Prevention toolkit (step-by-step)

  1. Classify data
    • Never-share: secrets, tokens, private keys, raw credentials, highly sensitive PII.
    • Restricted: customer identifiers, emails, addresses, phone numbers.
    • Public/safe: already public info or abstracted stats.
  2. Minimize inputs
    • Only include fields strictly needed for the task.
    • Replace long histories with short summaries.
  3. Redact or mask
    • Pattern-based redaction: emails, phone numbers, card numbers, SSNs, access tokens.
    • Use placeholders like [EMAIL], [PHONE], [ORDER_ID], and keep a reversible map outside model context if needed.
    Redaction checklist
    • Emails → [EMAIL]
    • Phone numbers → [PHONE]
    • Payment data → [CARD]
    • Access tokens/keys → [SECRET]
    • Exact names/addresses → [NAME]/[ADDRESS]
  4. Fence memory and sessions
    • Scope memory by user and tenant.
    • Use short, ephemeral sessions; trim histories.
    • Do not reuse conversation history across users.
  5. Safe retrieval (RAG)
    • Filter by user/tenant metadata before similarity search results are shown to the model.

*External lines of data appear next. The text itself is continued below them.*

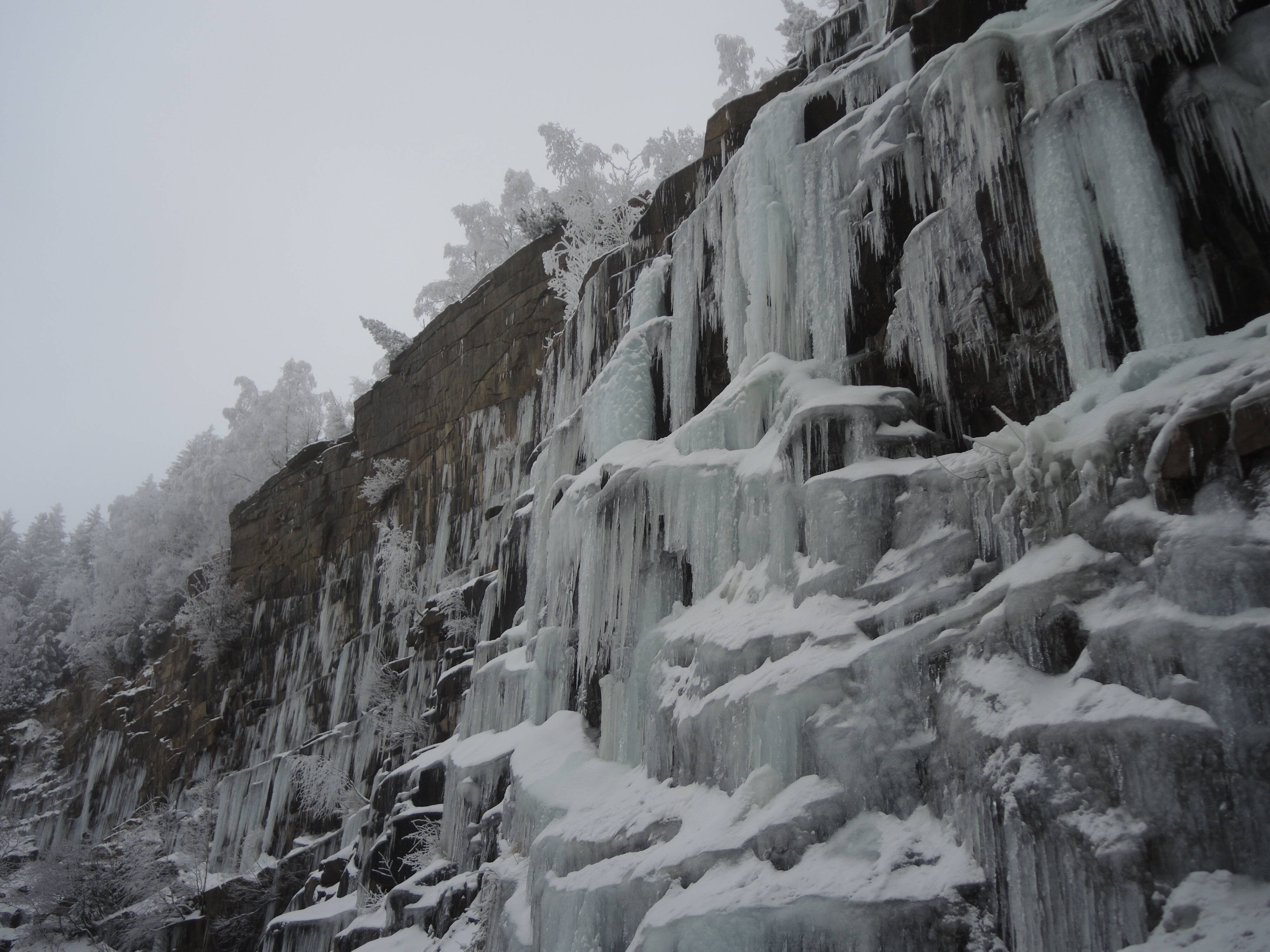 Die Woche war es tatsächlich kalt. Im Harz herrscht eine Inversionswetterlage. Im Tal neblig und kalt, über dem Nebel deutlich wärmer. Der Wurmbergsteinbruch liegt noch in der Nebelzone, da ist das Eis tatsächlich gewachsen. Auch am Romkerhaller Wasserfall bildet sich Eis.
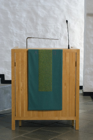 Korson kirkon saarnastuoli, vihreƤ kirjaliina 2002
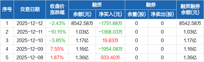 矩阵股份:融资净偿还1751.88万元,融资余额8542.58万元(12-12)
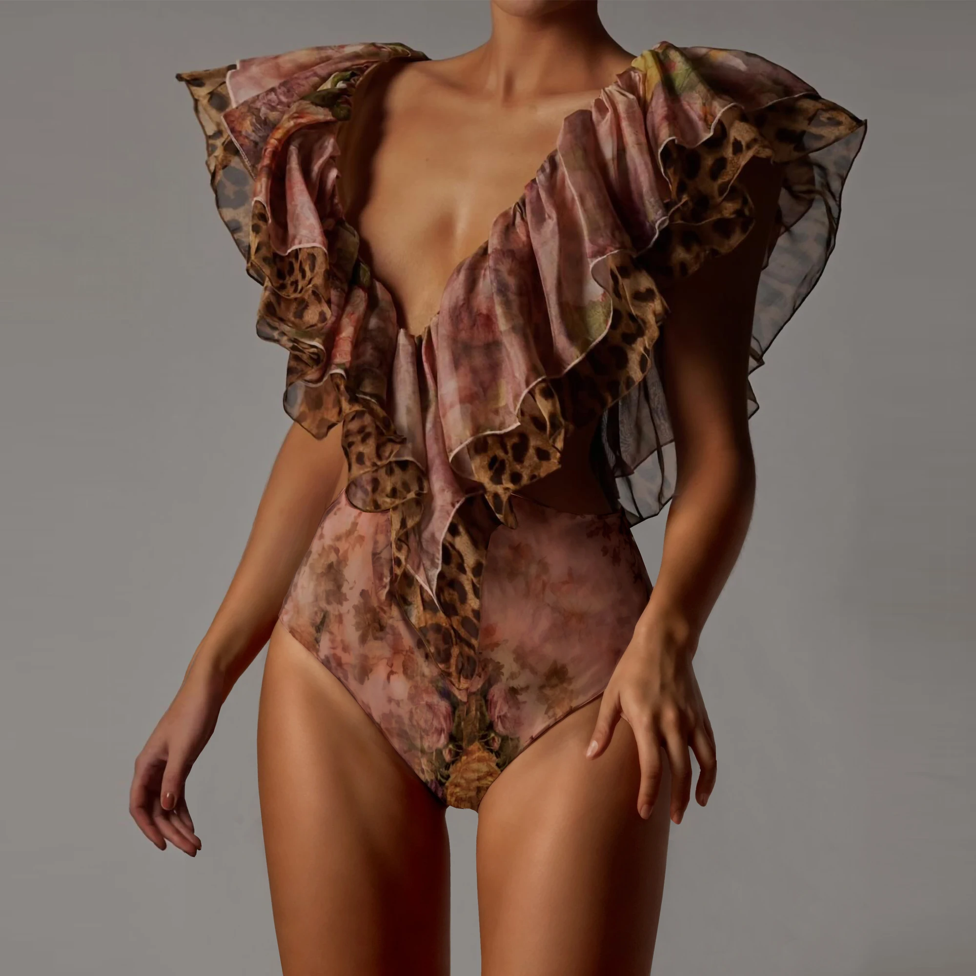 🏖️ Tendência 2025: o design com babados (ruffle swimsuit) traz charme e feminilidade ao visual de verão.
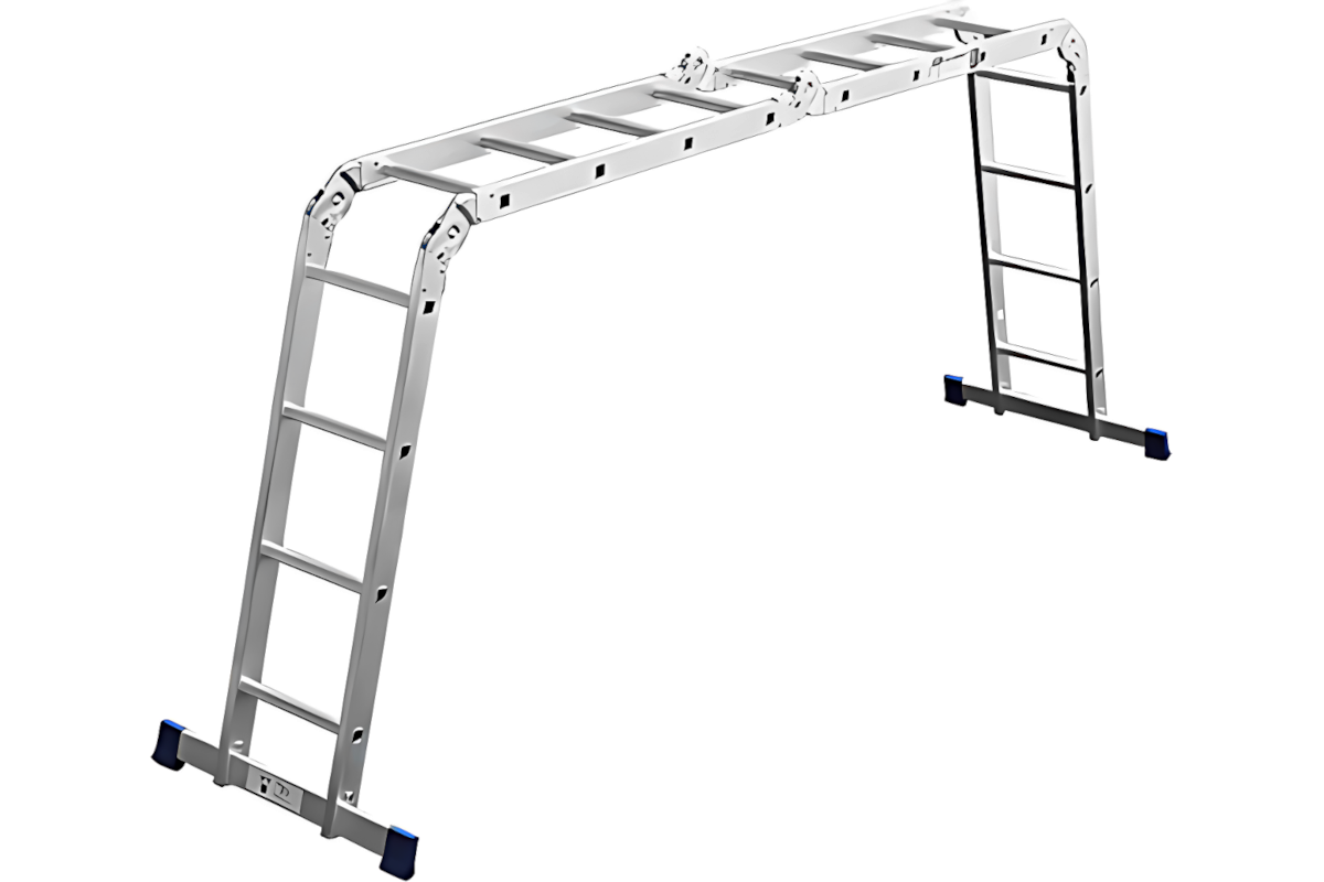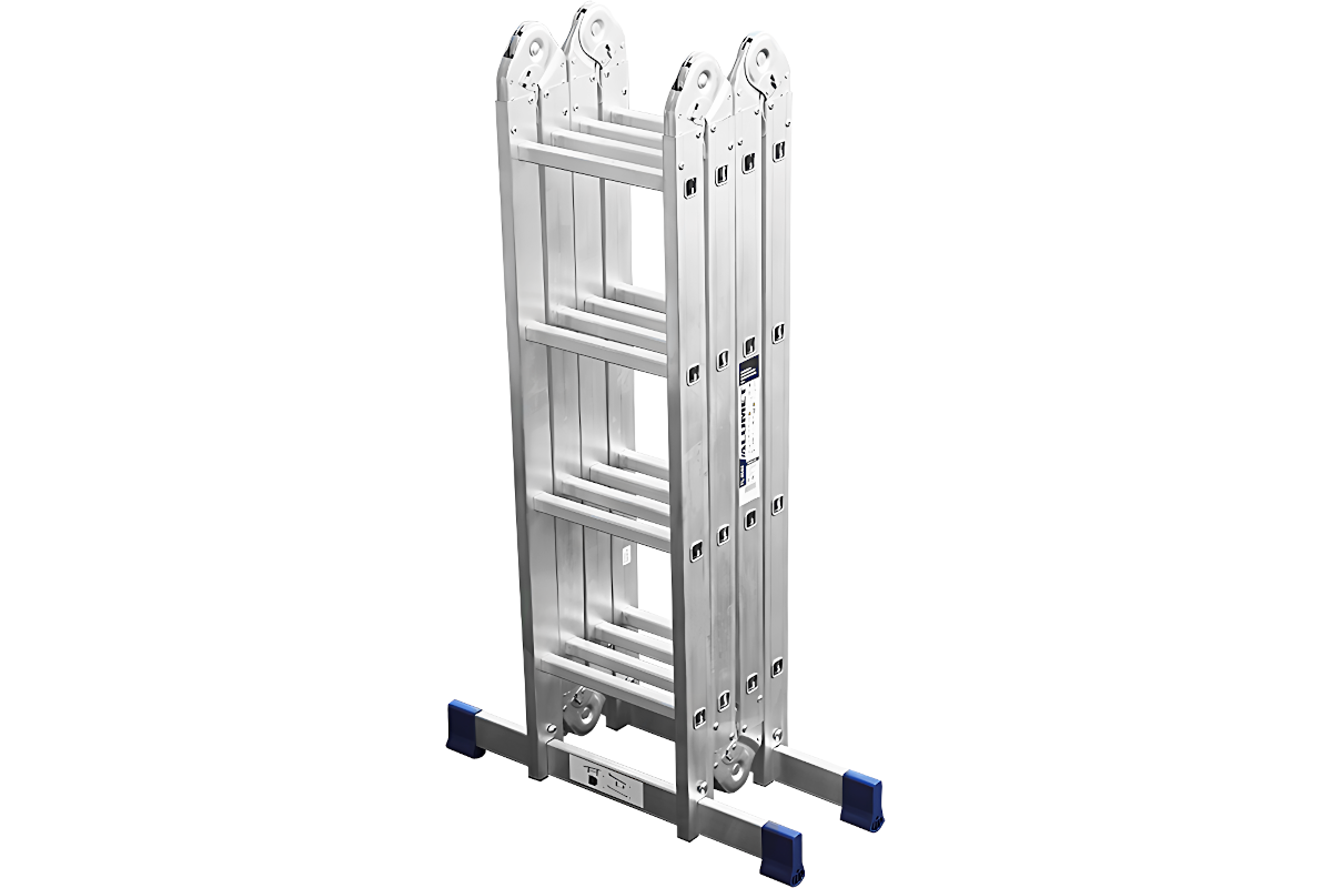 Лестница состоит из четырех секций, соединенных между собой стальными лестничными шарнирами с углами фиксации 35, 105 и 180 градусов.
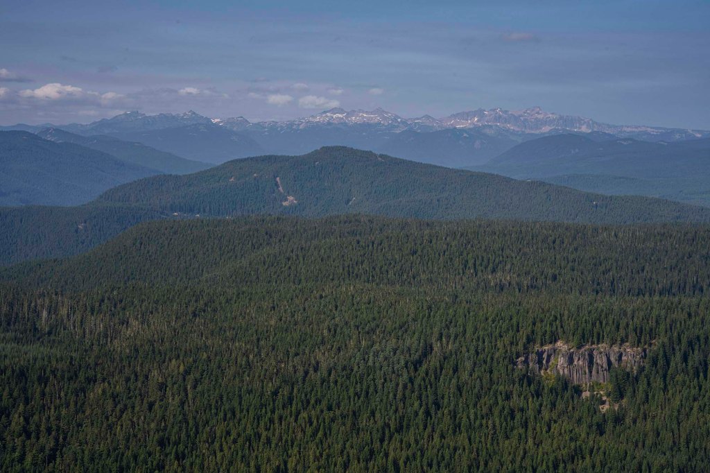Na północy obok Bakera – Black Buttes, Lincoln i Colfax w szaroburych chmurach, południowy zachód to Twin Sisters i dolina rzeki Nooksack.
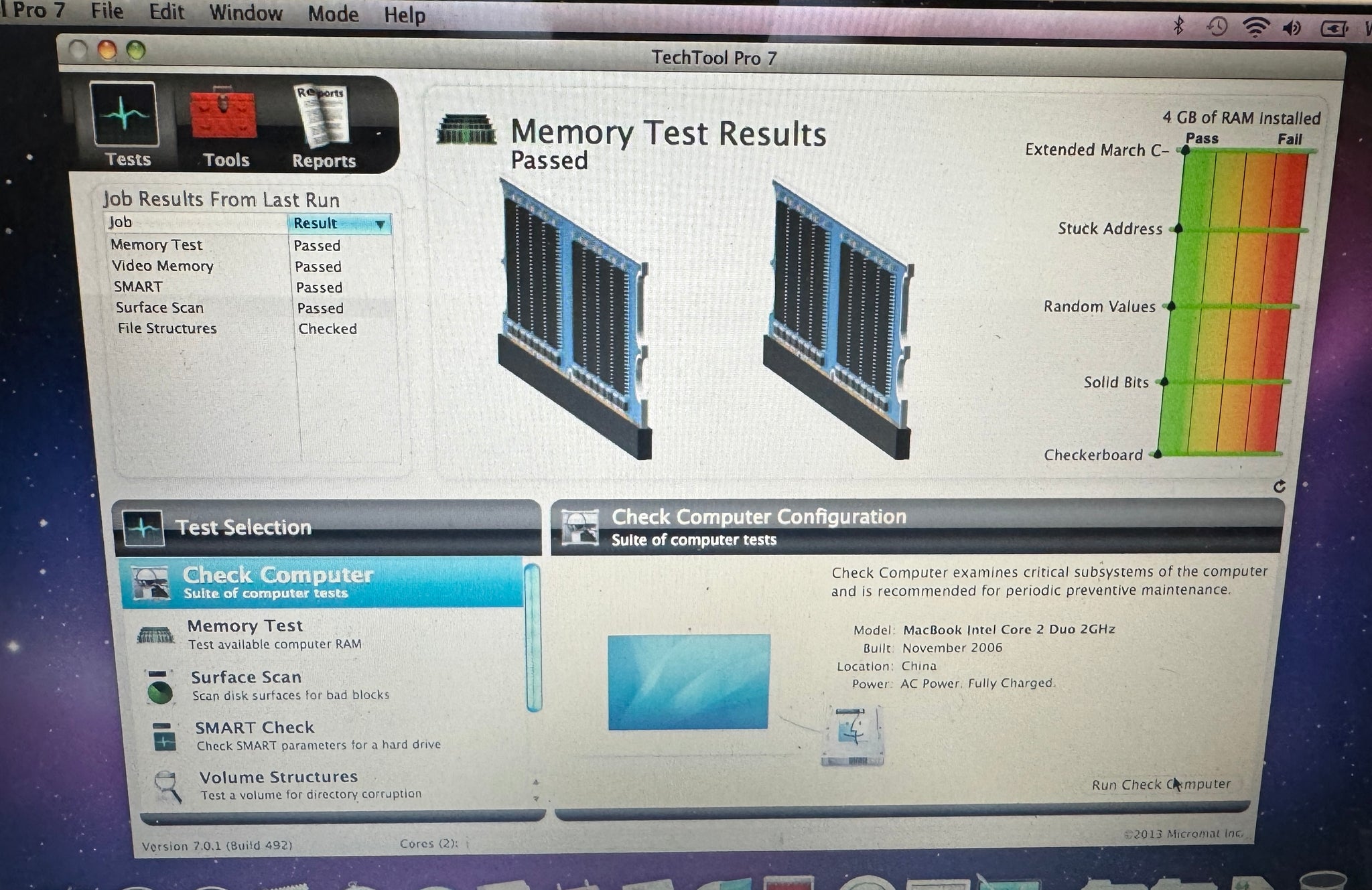 For sale is an Apple MacBook 13-inch November 2006 2GHz Intel Core 2 Duo (MA700LL/A), 4GB RAM, 160GB HDD, SuperDrive, AirPort/Bluetooth with a fresh install of macOSX Snow Leopard 10.6.8, Xcode, Rosetta, iLife '11, iWork '09 and 60W MagSafe Adapter. The Battery has 774 Charge Cycles and is listed as Normal. WORKS PERFECTLY. It passed Tech Tools Pro 7 with flying colors (see picture). SOLD AS-IS.
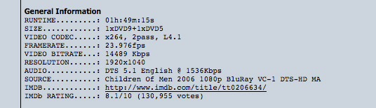 My one concern is that, in my experience, on a lot of the better handled Blu-ray rips have pretty high video bitrates. (Here’s Children of Men, a 1080p Blu-ray rip.) So I don’t know how high that number can climb before the device starts to choke. Video at 720p shouldn’t present any problem.
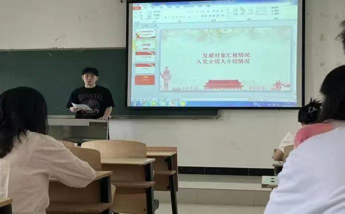 首先,由饶超、郭腾两名同志分别从对党的认识、入党动机、本人履历、现实表现等方面向党组织报告了自身情况,充分表达了其入党的决心及向党组织靠拢过程中的所学、所思、所想。
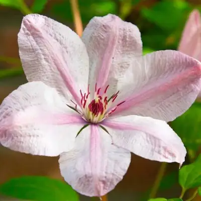 Цветки этого клематиса крупные, достигают до 15 см в диаметре. Их окраска алебастрово-белая с розовыми прожилками, которые становятся особенно яркими в осенний период. Лепестки округлые и слегка накрывают друг друга, создавая эффект объемности и пышности. Тычинки бело-кремовые, а пыльники имеют темно-красный оттенок, что создает красивый контраст.
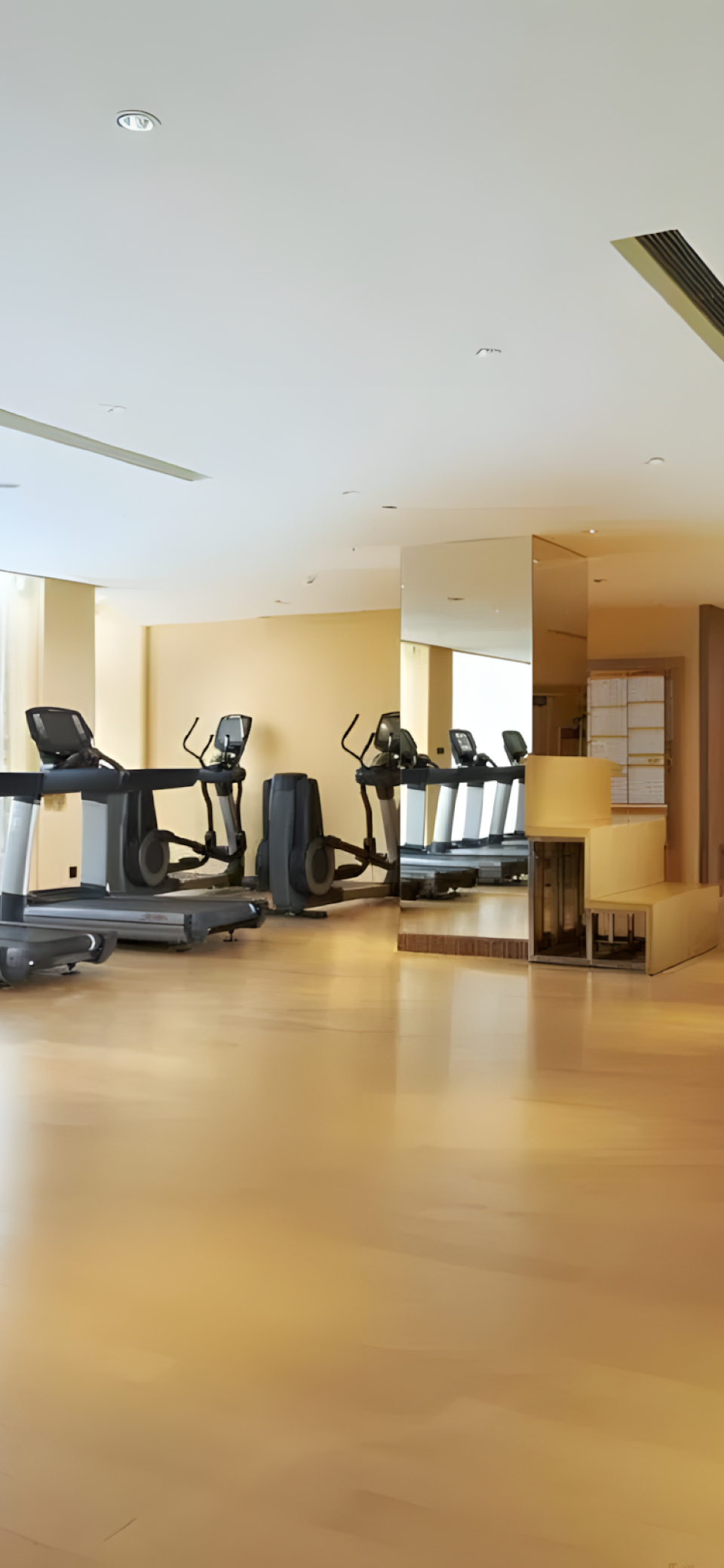 酒店游泳健身中心总面积达615平方米 共分为两层 底层健身中心面积达到398平方米 主要提供有氧运动设备和强化健身器材 更高一层为217平米的恒温游泳池。 位于男女更衣室里面设置了蒸气房,桑拿房,以及热水按摩池。

    • Avoid global indexes without access filters.
  6. Hide sensitive reasoning
    • Avoid exposing chain-of-thought for sensitive tasks. Prefer brief, non-sensitive rationales or no rationale.
  7. Canary and adversarial tests
    • Seed harmless canary tokens (e.g., CANARY-ALPHA-93) in restricted docs to detect leaks if they appear in outputs.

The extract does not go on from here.